Francisco Oliveira Simões

Crónicas do Passado

Benjamin Rabier

Este mês, no Museu Bordalo Pinheiro, é inaugurada uma exposição intitulada “Benjamin Rabier - Ilustrações do Romance da Raposa de Aquilino Ribeiro”, por isso, cabe-me apresentar as histórias que levaram a esta tão importante mostra artística.

Durante o período de estadia de Aquilino Ribeiro em Paris, o autor travou conhecimento com o desenhador Benjamin Rabier. Daí resultou uma colaboração que ainda hoje ecoa na nossa literatura. “O Romance da Raposa” foi publicado em Portugal no ano de 1924, com a linguagem da Beira Alta de Aquilino e as ilustrações de Benjamin.

Rabier nasceu em La-Roche-sur-Yon, em França, no dia 30 de Dezembro de 1864. Em 1889, após completar as suas obrigações militares, partiu para Paris. Começou por trabalhar no Bon Marché como contabilista. Mas após conseguir o apoio do desenhador e caricaturista Caran d´Ache, dá-se inicio à sua participação artística em variadas publicações, entre elas a La Chronique Amusante. Em 1897 cria um dos seus mais famosos personagens, Tintin-Lutin, que partia para Moscovo nesta primeira aventura. O desenho em linha clara, estilo preconizado por Rabier, a imagem física do herói, o destino geográfico e até o nome serviram de inspiração a Hergé para catapultar o protagonista das suas histórias, Tintin.
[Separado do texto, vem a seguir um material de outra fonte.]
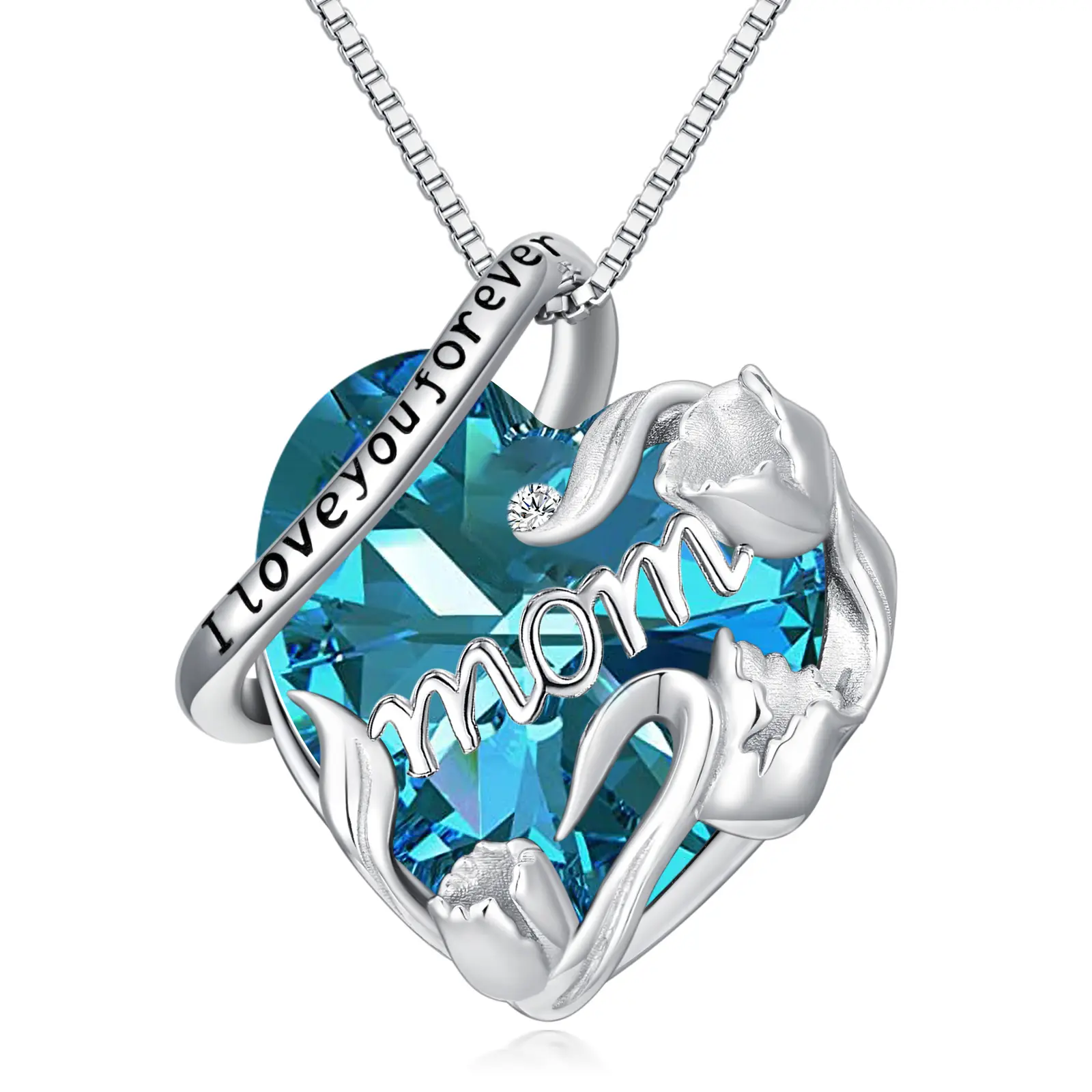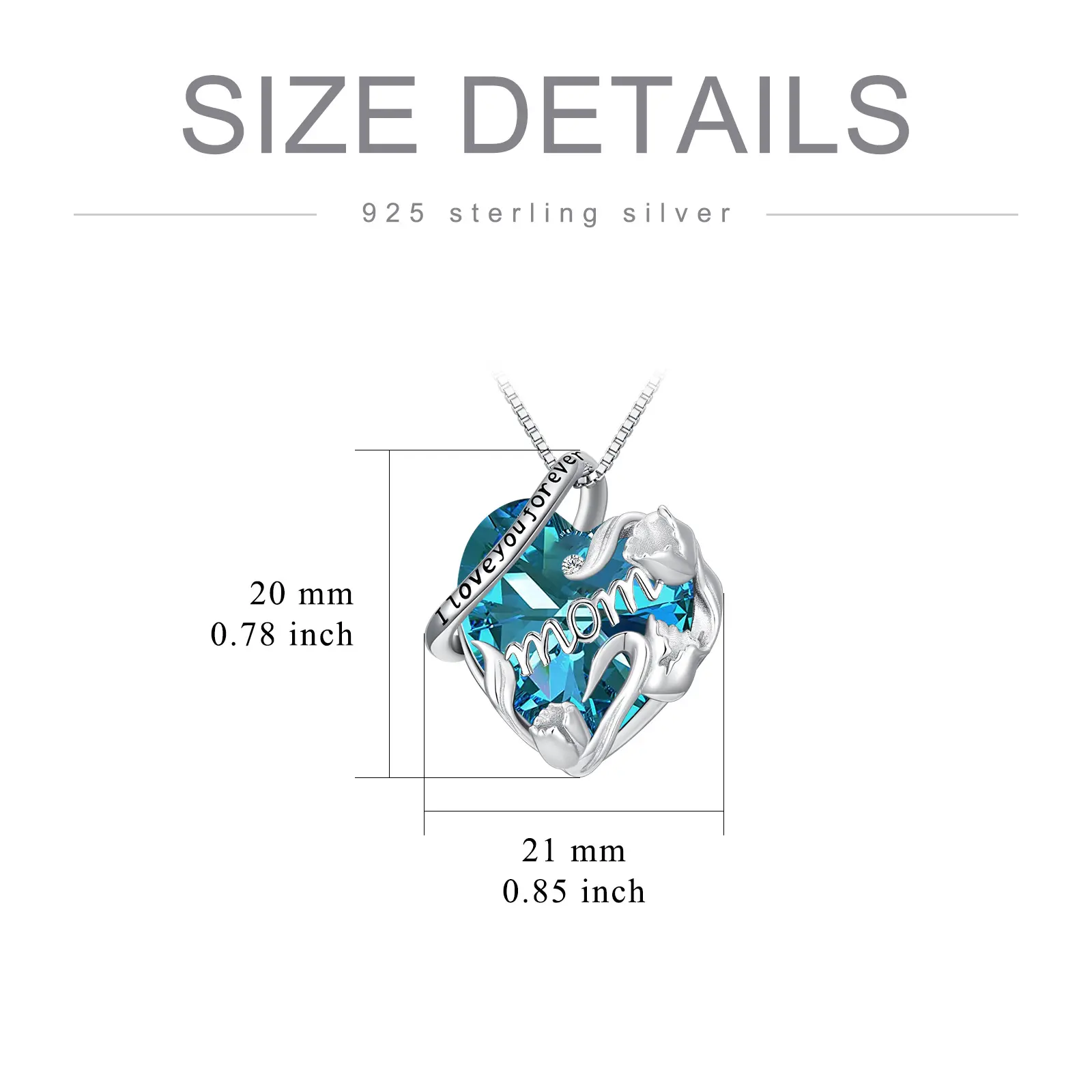 Delight Mom with the 925 Sterling Silver Heart Pendant Necklace adorned with Blue Crystal. A perfect jewelry gift, symbolizing eternal love with the message "I Love You Forever." Ideal for expressing heartfelt sentiments and adding a touch of elegance to her ensemble.

Na verdade, Benjamin Rabier é a maior influência e modelo para o jovem Hergé, não é por acaso que se trata de um dos pais da Banda Desenhada.
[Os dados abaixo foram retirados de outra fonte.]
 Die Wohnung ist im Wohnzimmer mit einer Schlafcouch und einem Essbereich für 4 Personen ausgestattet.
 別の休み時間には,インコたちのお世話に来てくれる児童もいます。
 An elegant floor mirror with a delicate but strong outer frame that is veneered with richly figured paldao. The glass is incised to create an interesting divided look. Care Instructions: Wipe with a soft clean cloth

Já que estamos a falar de plágio, tenho que prevenir que Aquilino Ribeiro também não foi original quando publicou “O Romance da Raposa”. Já anteriormente Rabier havia ilustrado uma edição francesa desta aventura sobre uma raposa matreira, no ano de 1909. Mas se continuarmos a viajar no tempo percebemos que o texto original data de finais do século XII. “Le Roman de Renart” foi escrito em francês arcaico com as contribuições de vários poetas e clérigos. Teve a sua mais antiga existência no escrivão flamengo Nivard de Gand, que em 1148 escreveu em latim o “Ysengrimus”, nome do lobo rival de Renart. É notória a influência das fábulas de Esopo, onde os animais falam e transmitem sempre uma moral. Enquanto hoje achamos este romance uma história infantil, na época medieval a perceção era bem diferente. A raposa fazia tudo o que caracterizava o ser humano, mesmo combater nas cruzadas. Todos os animais representados naquelas páginas eram uma metáfora para os vários quadrantes da sociedade feudal. No inicio do século XIII, Santo António também utilizava os animais nos seus sermões, com o propósito de apontar os pecados do Homem. A Igreja usava o “Roman de Renart” como meio de educar os seus fieis. A quantidade de escritores que se guiaram por estas narrativas são incontáveis. O objetivo de La Fontaine, quando escreveu as suas fábulas, era adaptar os contos de Renart para a sociedade francesa do século XVII, a fim de a satirizar e corrigir. Aquilino Ribeiro teve uma abordagem similar, dando um ambiente, língua e costumes bem portugueses.

Curiosamente, Benjamin Rabier também chegou a ilustrar uma edição das “Fábulas” de La Fontaine. Em 1916 desenhou a imagem da marca La Vache qui Rit, que ainda hoje perdura. Apesar de ter morrido em 1939, o seu nome e obra viveram por ele até aos nossos dias.